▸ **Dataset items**
○ ○ ○

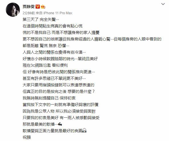 众所周知,近期因为湖北武汉疫情,每个人的内心多多少少都会有些紧张和沉重,而贾静雯在这个时候生病,的确令人担忧。再加上旁人的“冷漠”,相信她内心更加不好受。此次她也发布长文感慨人情冷暖,称“很怀念小时候敦亲睦邻的时光…单纯且美好,现在网络泛滥,看似便利,但好像有时是把彼此间的关系推向更远”,一番感慨令人心疼。不过她文末也不忘祝愿大家平安喜乐度过每一天,非常暖心。
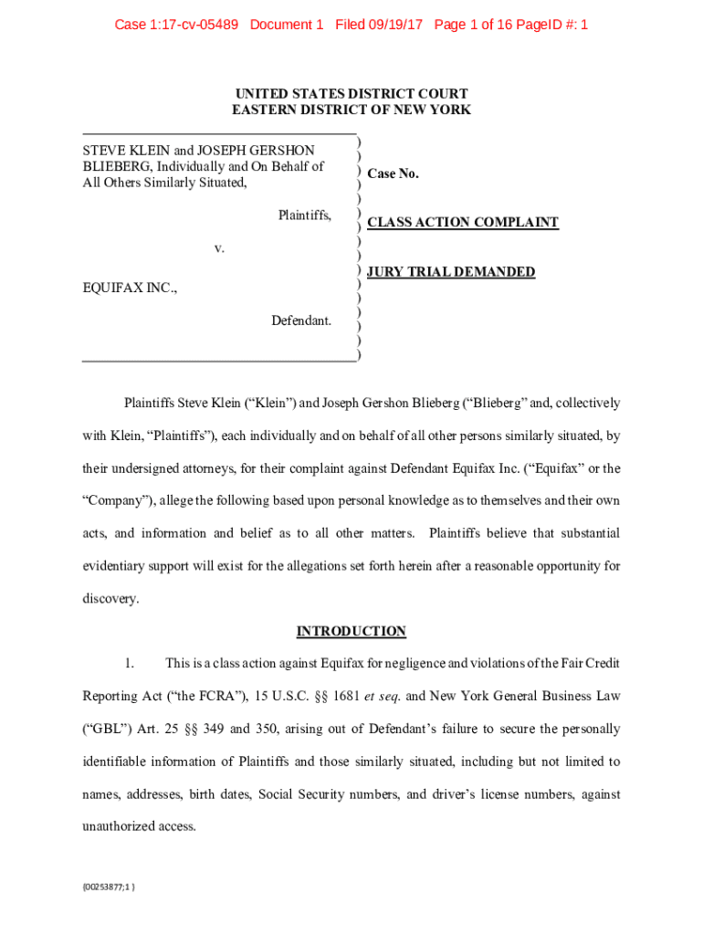 Case 1:17cv05489 Document 1 Filed 09/19/17-Page 1 of 16 Paged #: 1 UNITED STATES DISTRICT COURT EASTERN DISTRICT OF NEW YORK))) Case No. )))) CLASS ACTION COMPLAINT))) JURY TRIAL DEMANDED))))))STEVE
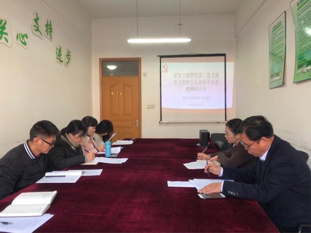 为深入学习贯彻党的十九届四中全会精神,11月28日上午,建筑工程学院第二党支部召开了学习十九届四中全会精神的专题研讨会。会议由第二党支部书记曹莹主持,第二党支部全体党员参会。
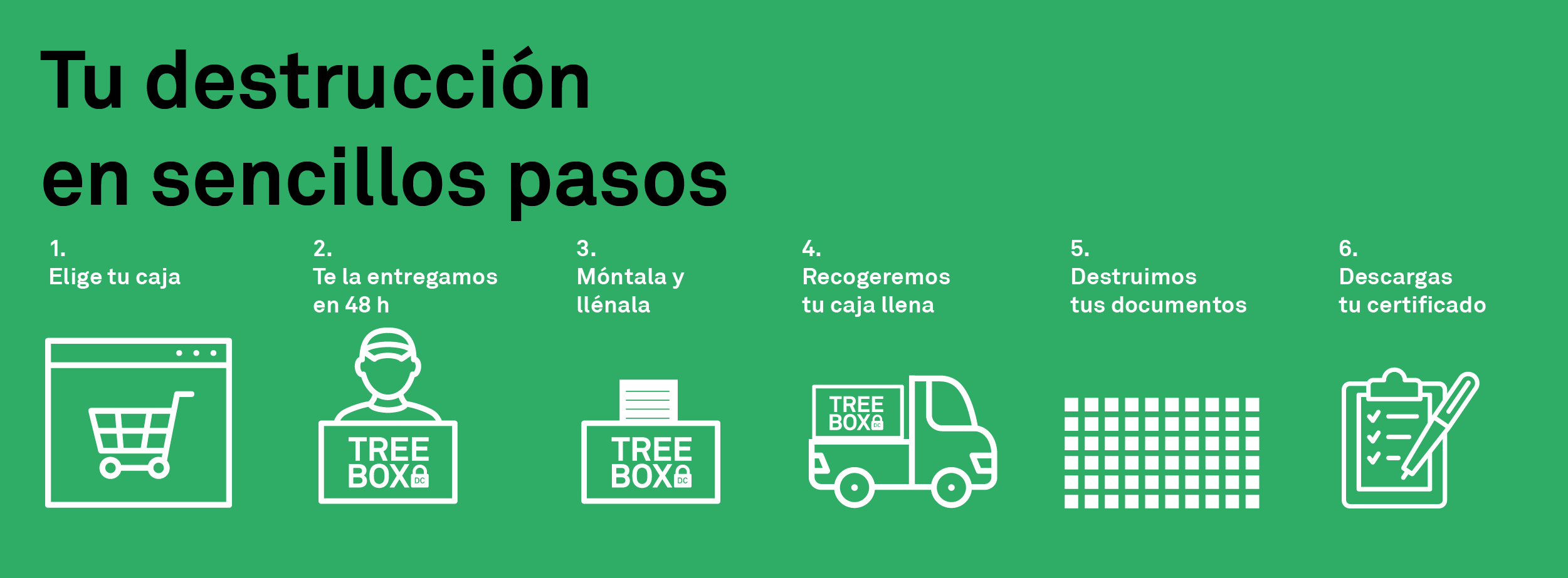 Con un solo pago tienes todo el servicio incluido. Desde la entrega de la caja hasta la destrucción garantizada de tus documentos, sin ningún sobrecoste extra.
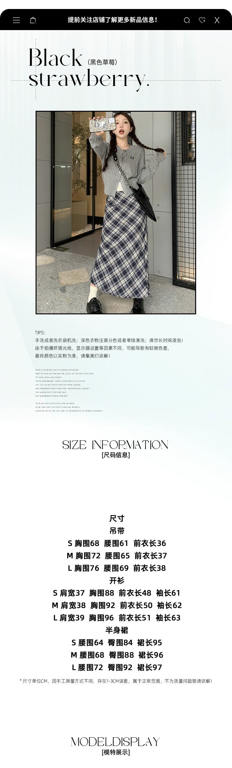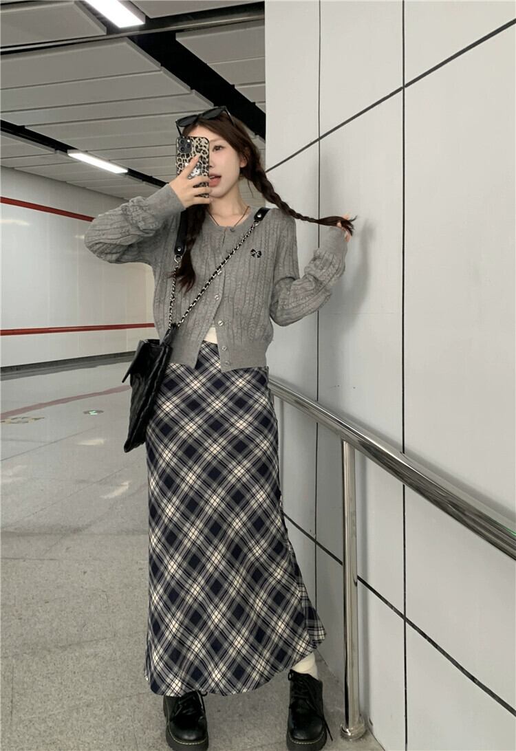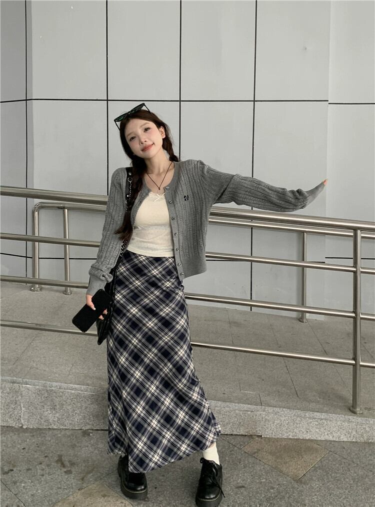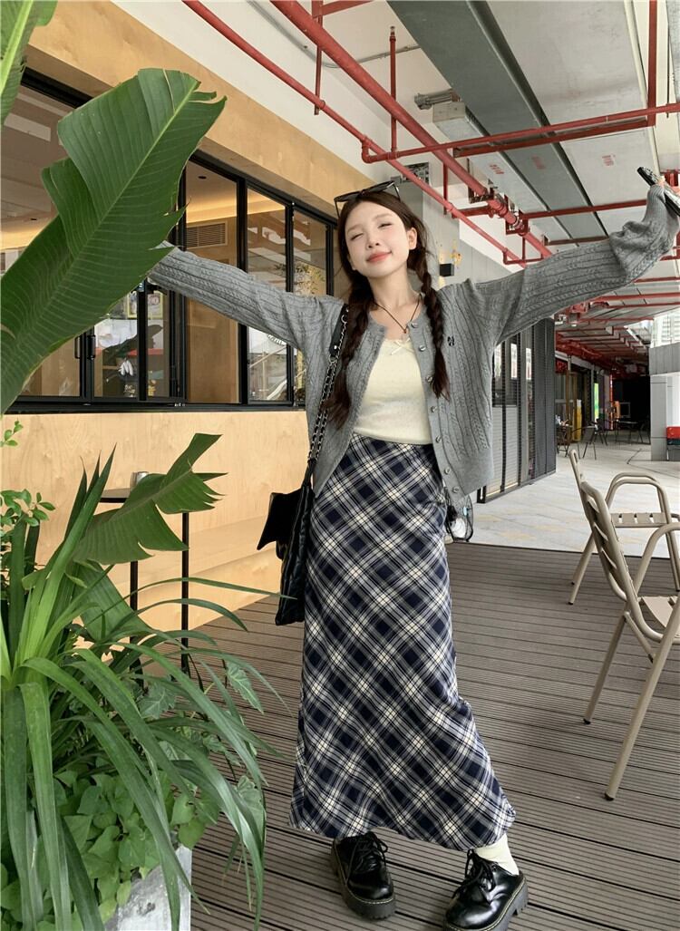 色:白いベスト,グレーのカーディガン,青い格子縞のスカート
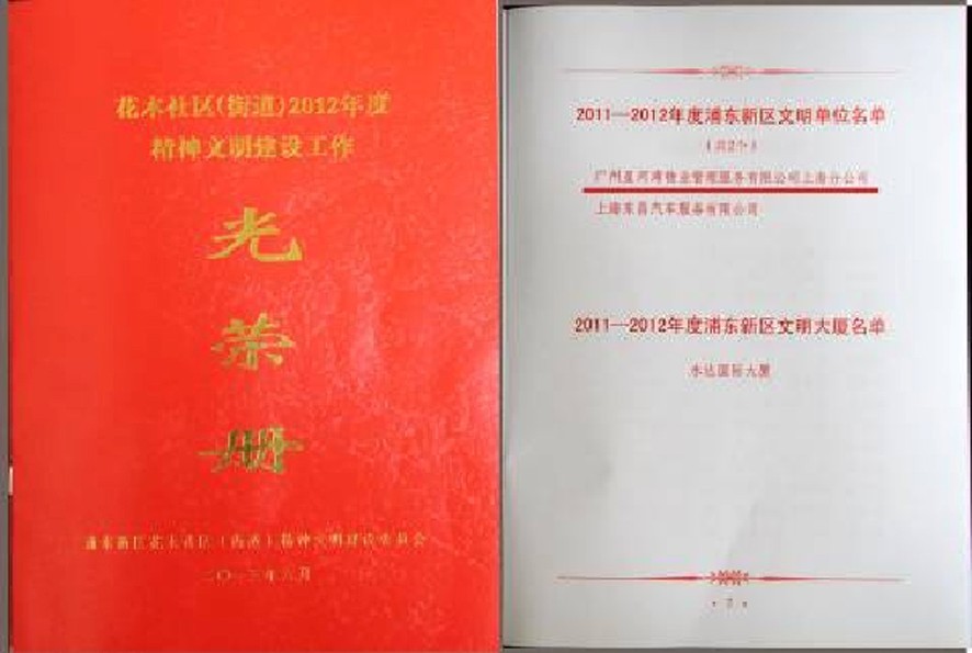在2013年5月舉辦的上海市浦東新區精神文明建設工作會議上,浦東星河灣榮獲年度浦東新區“文明小區”的稱號;星河灣物業上海分公司榮獲年度浦東新區“文明單位”稱號,同時被錄入上海市浦東新區精神文明建設委員會匯編的《上海市精神文明建設光榮冊》。
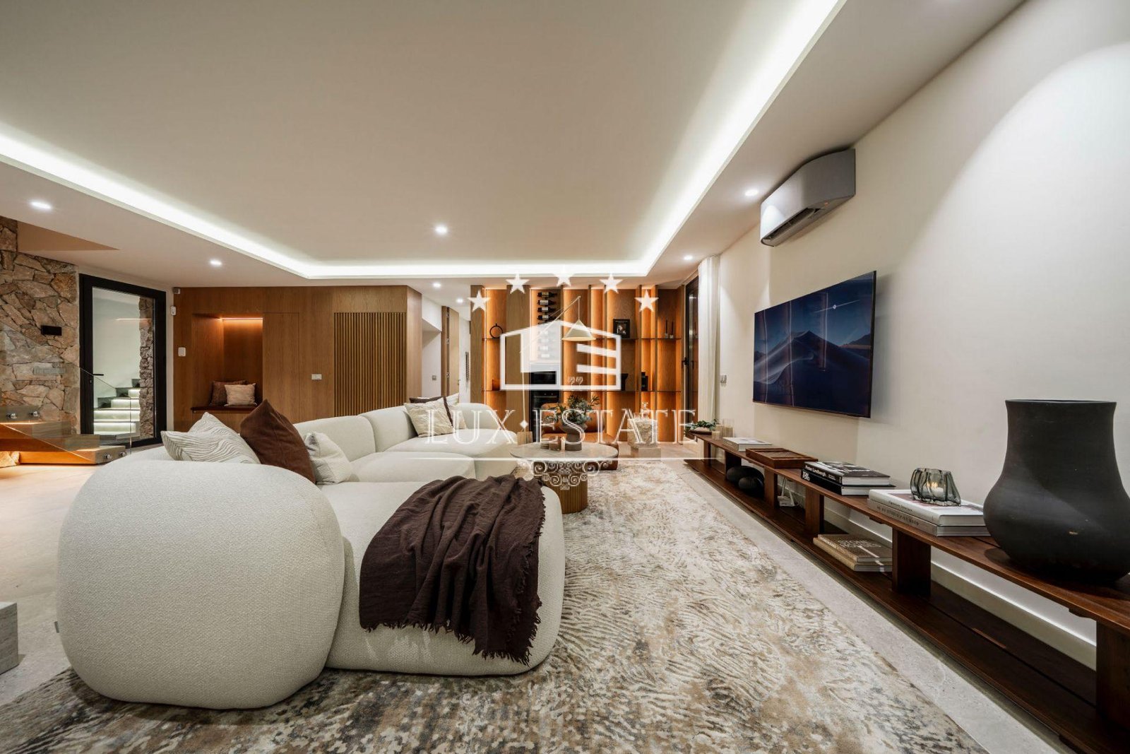The lower level includes a fully self-contained apartment with its own entrance, bathroom, and lounge opening onto a private terrace. This space is perfect for visiting guests, older children, or as a potential rental, providing additional income while preserving the main home’s privacy.
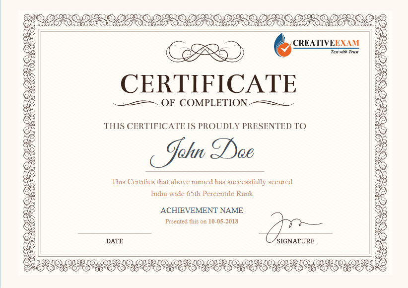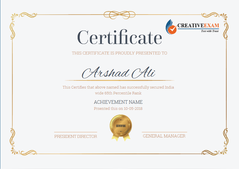 This Certifies that above named has successfully secured India wide 65th Percentile Rank

○ ○ ○

▸ **EXERCISE OBJECTIVE**
Your task is to write out, exactly and without pictures, only the lines from the one holding "色:白いベスト,グレーのカーディガン,青い格子縞のスカート" to the last line of the data.

▸ **SOLUTION FOR THIS TASK**
 色:白いベスト,グレーのカーディガン,青い格子縞のスカート
在2013年5月舉辦的上海市浦東新區精神文明建設工作會議上,浦東星河灣榮獲年度浦東新區“文明小區”的稱號;星河灣物業上海分公司榮獲年度浦東新區“文明單位”稱號,同時被錄入上海市浦東新區精神文明建設委員會匯編的《上海市精神文明建設光榮冊》。
The lower level includes a fully self-contained apartment with its own entrance, bathroom, and lounge opening onto a private terrace. This space is perfect for visiting guests, older children, or as a potential rental, providing additional income while preserving the main home’s privacy.
 This Certifies that above named has successfully secured India wide 65th Percentile Rank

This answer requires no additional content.